In the present process such hot solvent and nonsolvent fluids can be injected as mixtures or as alternating slugs of fluid flowed upward through the heated channel in the oil shale. The composition, temperature, pressures and flow rates of such fluids and the fluid produced from the heated channel within the oil shale are preferably correlated to maintain a suitable rate of production of shale oil while maintaining a suitable ratio of oil phase to aqueous phase components in the produced fluid. As known to those skilled in the art, such correlation of properties and flow rates can be accomplished by adjusting the compositions and/or the injection pressures (and thus the rates) and/or the temperatures of the fluids being injected, adjusting the backflow resistance (and thus the flow rates) of the fluid being produced from the heated channel, etc. The beginning of any plugging-induced impeding of the production can be detected by an increase in the injection pressure rate required to sustain an equiv lent rate of injection and decrease the rate of inflow or outflow at a given pressure, or the like.
In general, whether the oil shale pyrolyzing fluid is preheated or heated in situ by underground combustion, the outflow of produced fluids is preferably throttled to the extent required to maintain the pyrolyzing fluid at a temperature in the range of from about 500° to 1500° F. while the rate at which the pyrolyzing and/or combustion-supporting and combustion-produced fluids are flowing through the heated channel is sufficient to maintain an oil-water ratio within the produced fluid of at least 0.10. As known to those skilled in the art, such an adjusting of the pyrolyzing fluid temperature while maintaining a substantially constant flow rate within the heated channel can be accomplished in numerous ways.

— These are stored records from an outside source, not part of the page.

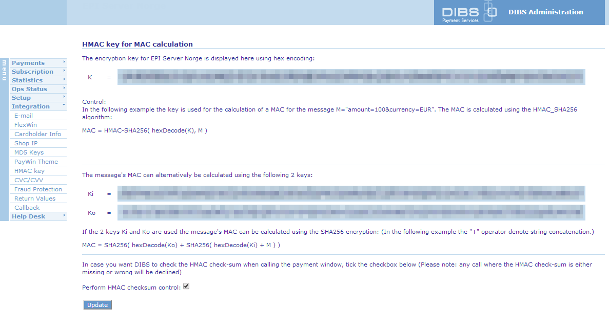 The HMAC values are available from the DIBS Administration interface: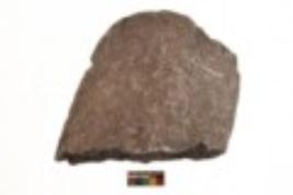 | Description / विवरण | Specimen of a roughly oval shaped saddle quern. It is dark brown in colour and rough in texture. It has flat base. |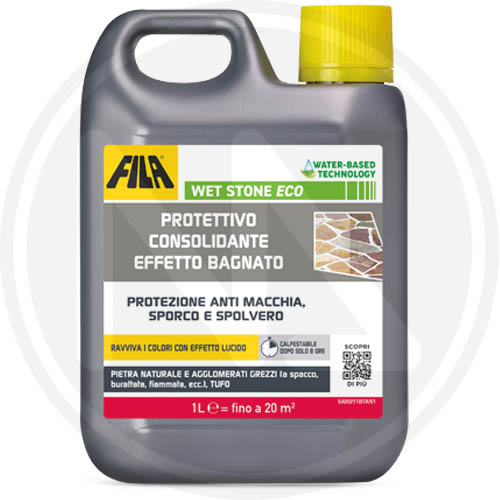 FILA Surface Care Solutions, WET STONE ECO, Protettivo Pietra Naturale Tonalizzante ad Effetto Bagnato, Idrorepellente per Pietra, Antimacchia e Antisporco, Adatto al Pavimento Esterno ed Interno, 1L

Where in situ combustion is used, effective proportions of water can be mixed with the combustion-supporting gases to provide a so-called wet combustion at a relatively reduced temperature. Alternatively, substantially inert fluids, such as nitrogen or CO2, can be mixed with the injected combustion-supporting gas to lower the temperature within the combustion zone. In the present process, since water from the water-productive oil shale formation tends to be entrained within the injected combustion-supporting gases, it is generally preferable to maintain a relatively high pressure on the fluids flowing through the heated zone and to include inert gas in the injected combustion-supporting gas to the extent required to maintain the temperature of the combustion zone in the order of about 1000° F. while maintaining an average pressure within that zone in the order of about 1000psi. Where preheated gaseous fluids are used, their compositions, temperatures, pressures and flow rates are preferably adjusted by analogous procedures to provide similar pressures and temperatures within the heated channel.
The present process is preferably employed in water-productive oil shale formations of the type encountered in the Piceance Creek Basin in Colorado having depths in the order of from about 1000 to 3000 feet, and thicknesses in the order of from about 250 to 750 feet. In such operations injection well patterns such as 7-spot or 9-spot patterns in which a plurality of production wells are responsive to each injection well are preferably employed with the respective injection and completion intervals located within the lower and upper 10 percent of the water productive oil shale intervals.